Aucklanders will once again be able to recycle their soft plastics with new onshore processors giving bags and wrappers second lives as farming and gardening products.
The Soft Plastic Recycling Scheme, run by the Packaging Forum, has set up recycling bins at 37 locations at selected Countdown, The Warehouse, and Huckleberry stores across Auckland.
The scheme was suspended in December last year after high volumes created stockpiles, and the Melbourne-based processing plant which received New Zealand's recycling stopped accepting it - a knock-on effect after China stopped taking the world's plastic and the market became flooded.
Scheme chairman Malcolm Everts said after they suspended collections they wanted to ensure what they collected could be processed here in New Zealand.
"Recycling can only work if processors can turn the collected materials into new valuable products which are purchased and used by local business and community," Everts said.
They had teamed up with New Zealand company Future Post, which transforms soft plastics into plastic fence posts.
"We have chosen the Auckland region for the re-start as it is close to Future Post, and allows us to provide a drop-off service to around a third of all New Zealanders," Everts said.
Once they had established collection volumes they would look to expand to Waikato and Wellington, close to other processors.
"Manufacturers, retailers and consumers are all looking at ways to reduce their plastic consumption and we are also aware of other processing initiatives which could increase processing capacity in the future," Everts said.
During the collection service's hiatus, the scheme processed about 14 million individual pieces of plastic packaging at Future Post, and another New Zealand company Second Life Plastics, which produces cable covers and garden edging.
"Both Future Post and Second Life Plastics are great examples of Kiwi ingenuity and we are working with them and our members to increase demand for their products," Everts said.
"To have a sustainable circular economy where waste materials are re-processed into new valuable products and commodities, we need industry, councils and government departments to start buying products which are made from our recycling efforts."
Scheme manager Lyn Mayes said previously they were taking in about 50 tonnes of soft plastics a month, but had scaled that back to about 10 tonnes initially.
"When we started back in 2015 we looked to collect as much as we could and send it overseas. Now we collect what we can process, and we expect as other processors come on board to be able to increase that."
They had been encouraging the public not to stockpile plastic bags during the break in collection, for hygiene reasons, but also because of capacity.

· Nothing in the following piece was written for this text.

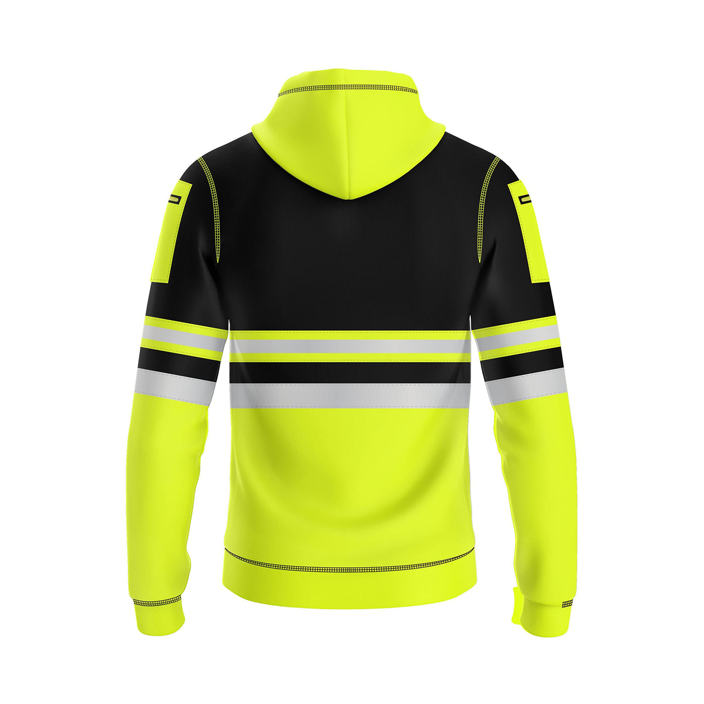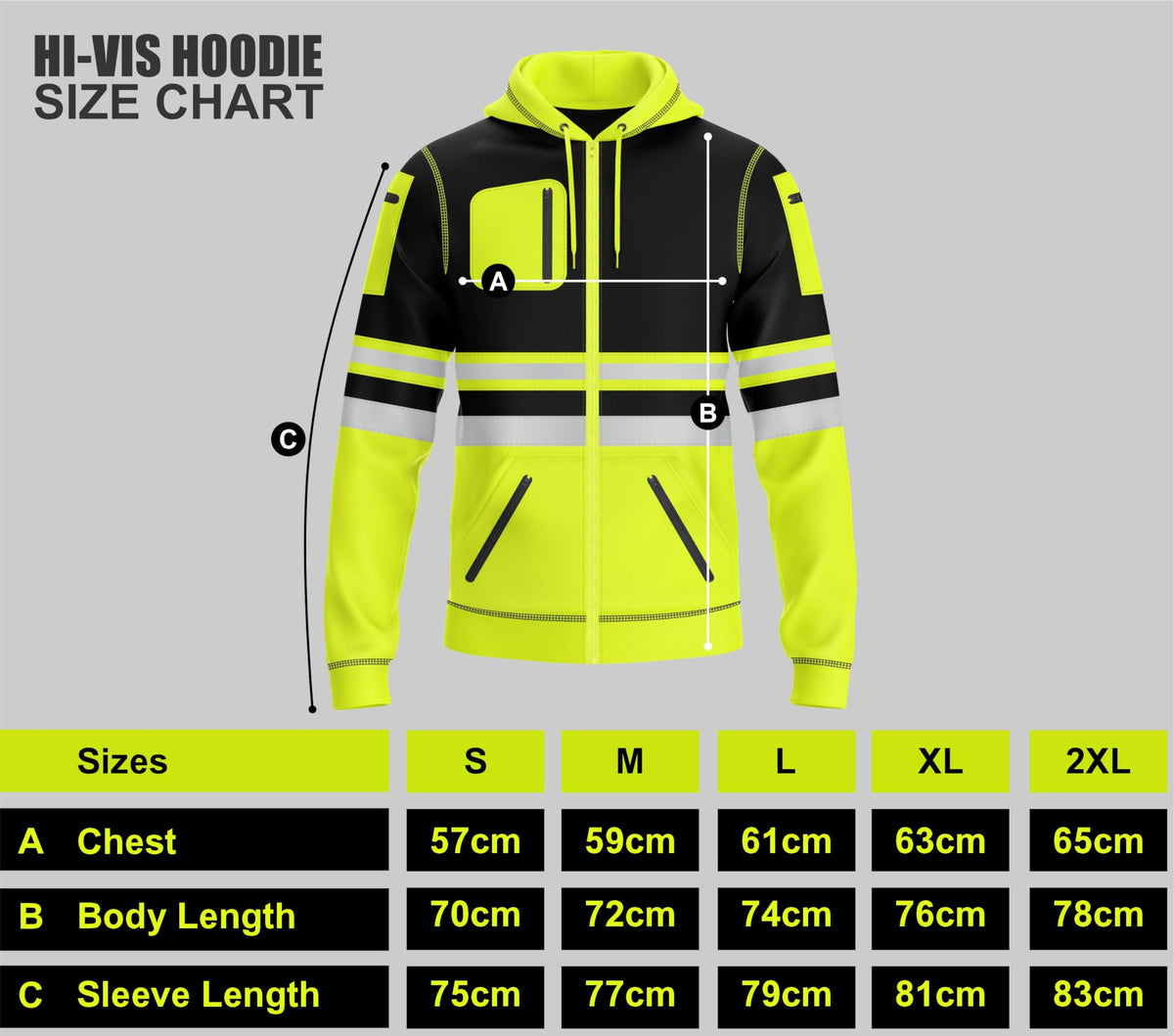 trending babz Mens Hi Vis Pullover Hoodie Reflective Tape Safety Work Drawstring Multi Zipped Pockets High Viz High Visibility Hoodie Sweatshirt
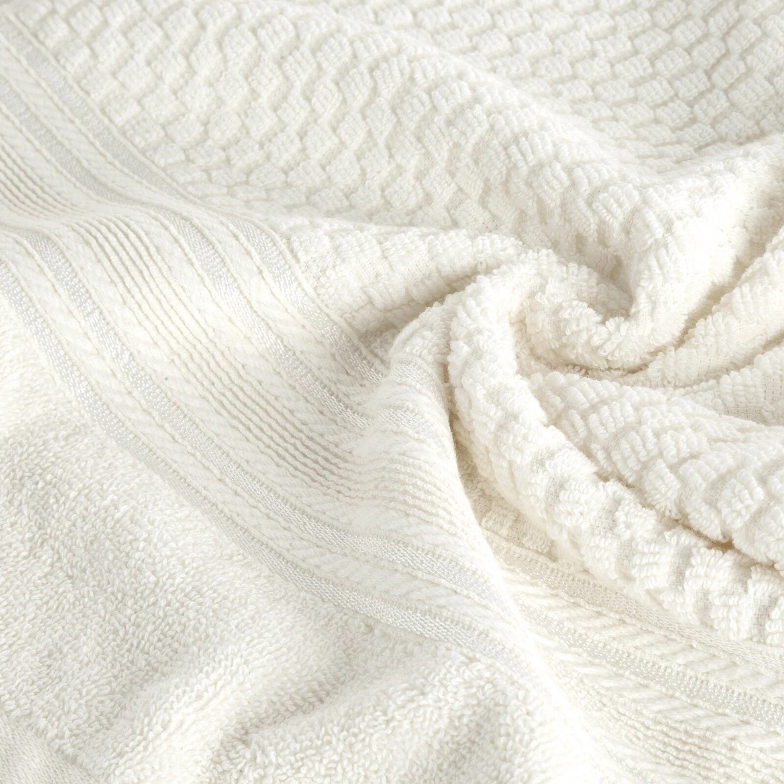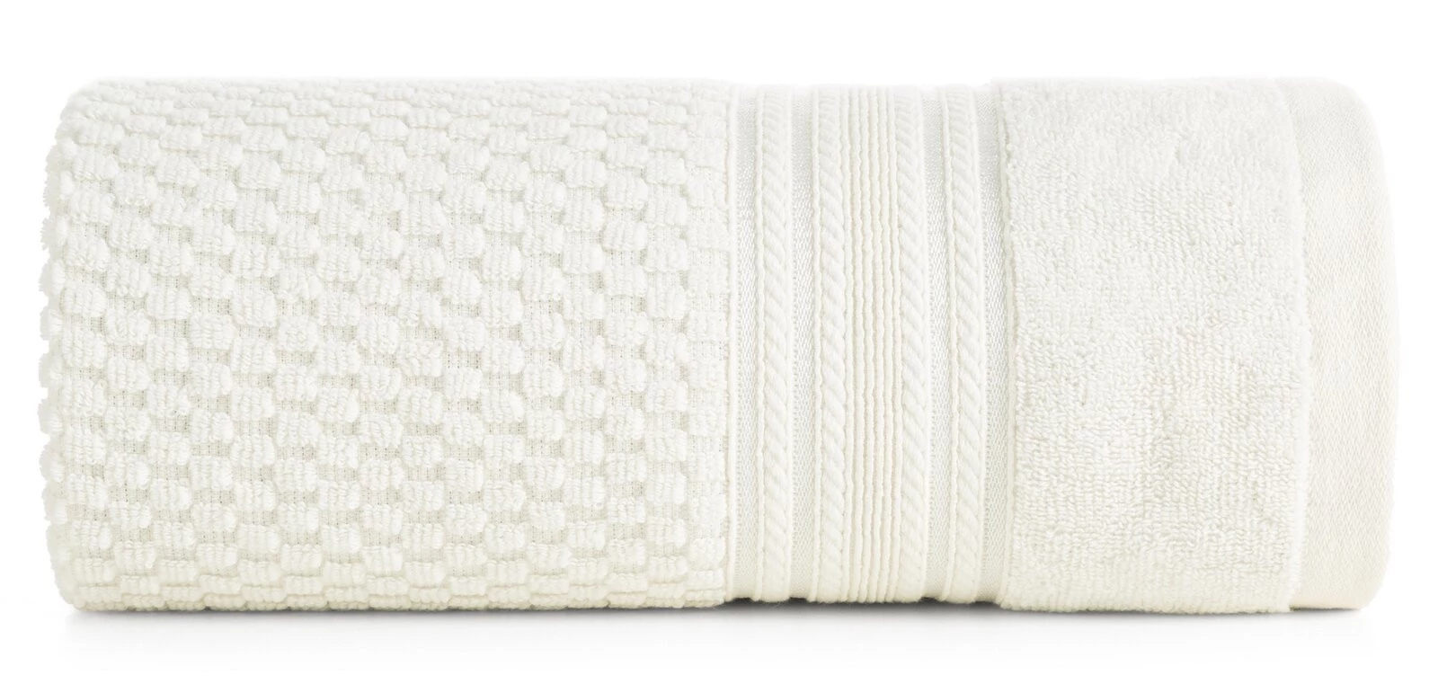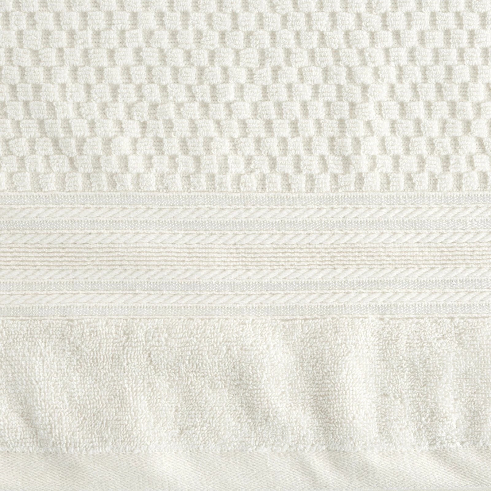 Jednobarwny ręcznik z miękkiej i chłonnej tkaniny bawełnianej o splocie frotte zdobiony kolorową bordiurą w stylu fastrygi. Łatwy w praniu, nie farbuje. szerokość: 50 cm, długość: 90 cm, kolor: kremowy, Gramatura: 500 GSM, Skład: 100% bawełna

"We have started with a smaller number of stores for that reason, and we are very mindful about being able to cope. We would like everybody to ease in, and not all rush in with huge amounts."
Participating Auckland stores
• The Warehouse Albany, Glenfield Mall, Manukau, Milford, Newmarket, Pukekohe, Royal Oak, Sylvia Park and Westgate.
• Countdown Auckland City, Botany Downs, Browns Bay, Glenfield Mall, Greenlane, Highland Park, Hobsonville, Lincoln Road, Lynfield, Lynn Mall, Māngere East, Manukau, Mt Eden, Mt Roskill, Mt Wellington, Papakura, Ponsonby, Pt Chevalier, Pukekohe South, Silverdale, St Johns, Takanini, Takapuna and Waiheke Island.
• Huckleberry Farms Browns Bay, Grey Lynn and Royal Oak.